Design and control of extractive distillation process for separation of the minimum-boiling azeotrope ethyl-acetate and ethanol

Abstract Design and control of extractive distillation process is explored by taking the separation of minimum-boiling azeotrope ethyl-acetate and ethanol as an example. The two evaluation indicators of second-law efficiency and CO2 emissions are employed to evaluate different alternatives, which consist of conventional case, F-E process (hot solvent stream to preheat fresh feed of extractive column), B1-E process (hot solvent stream to preheat feed of recovery column), and F-B1-E process (hot solvent stream to preheat feed of extractive and recovery column).
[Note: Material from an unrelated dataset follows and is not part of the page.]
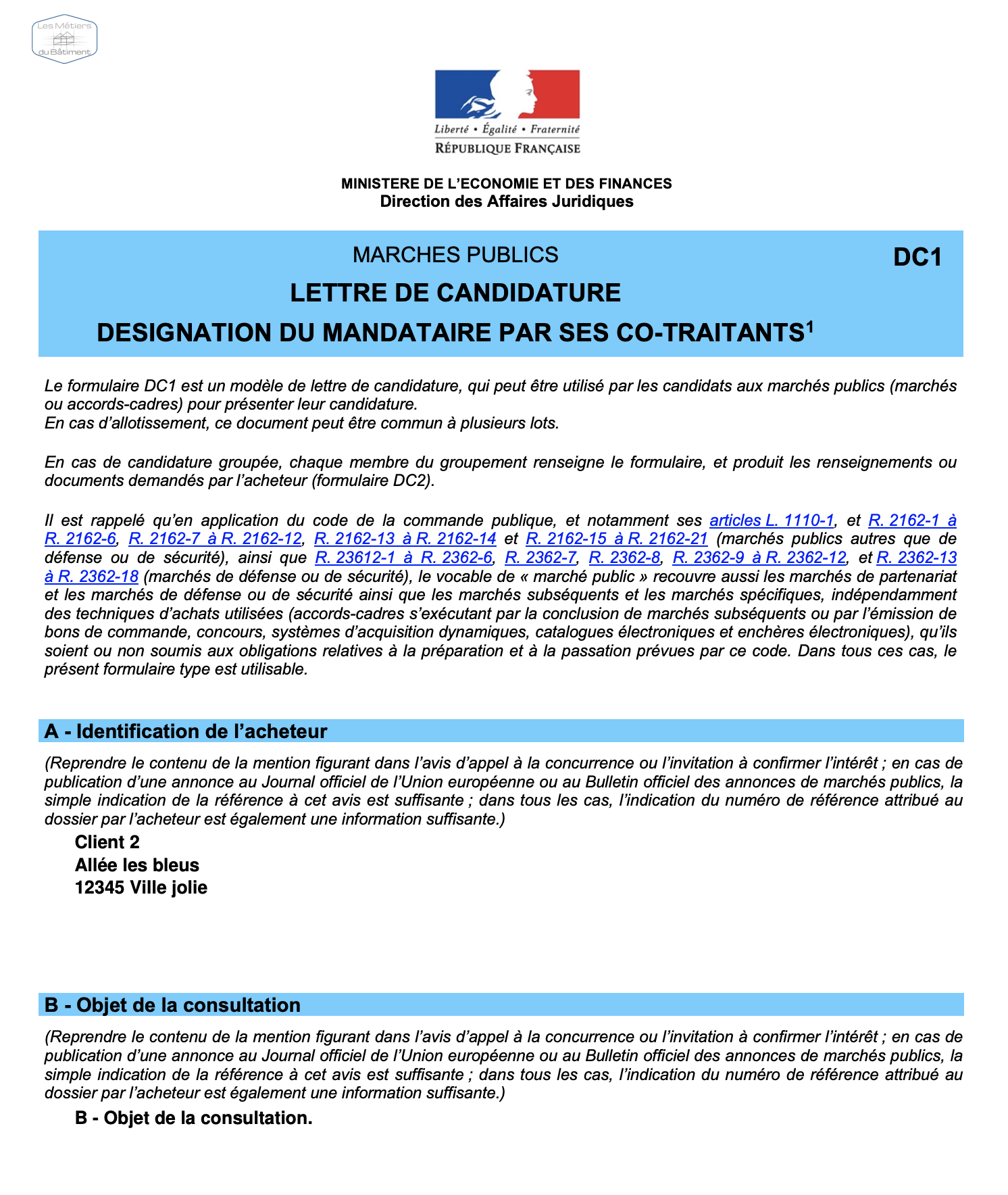 Erstellen Sie offizielle französische DC1-Bewerbungsformulare direkt aus Dolibarr-Angeboten, unterschriftsreif und in der Angebotskarte archiviert.

The conventional case can reduce 32.23% in total annual cost (TAC), 28.81% in energy-saving comparing to economically optimum fully heat-integrated pressure-swing distillation process. Besides, it can further cut 4.38% in TAC and 9.79% in steam cost by heat integration B1-E configuration while others are 1.11% (1.30%) in TAC and 10.45% (12.11%) in steam cost, where, data in the brackets are for F-B1-E process. Furthermore, the control of extractive distillation process is explored since the interaction of parameters is complicated. For conventional process, the effectiveness of single-end control strategy is determined by the method of feed composition sensitive analysis. The appropriate control scheme (CS3) is screened by the indicator of integral absolute error (IAE) since its deviations of product purities to specifications are the least. A new control scheme of bypassing portion of hot stream around economizer with dual-point temperature control strategy is proposed for the efficient economics thermal integration alternative, and it can still achieve robust control performance at facing feed flowrate and composition disturbances.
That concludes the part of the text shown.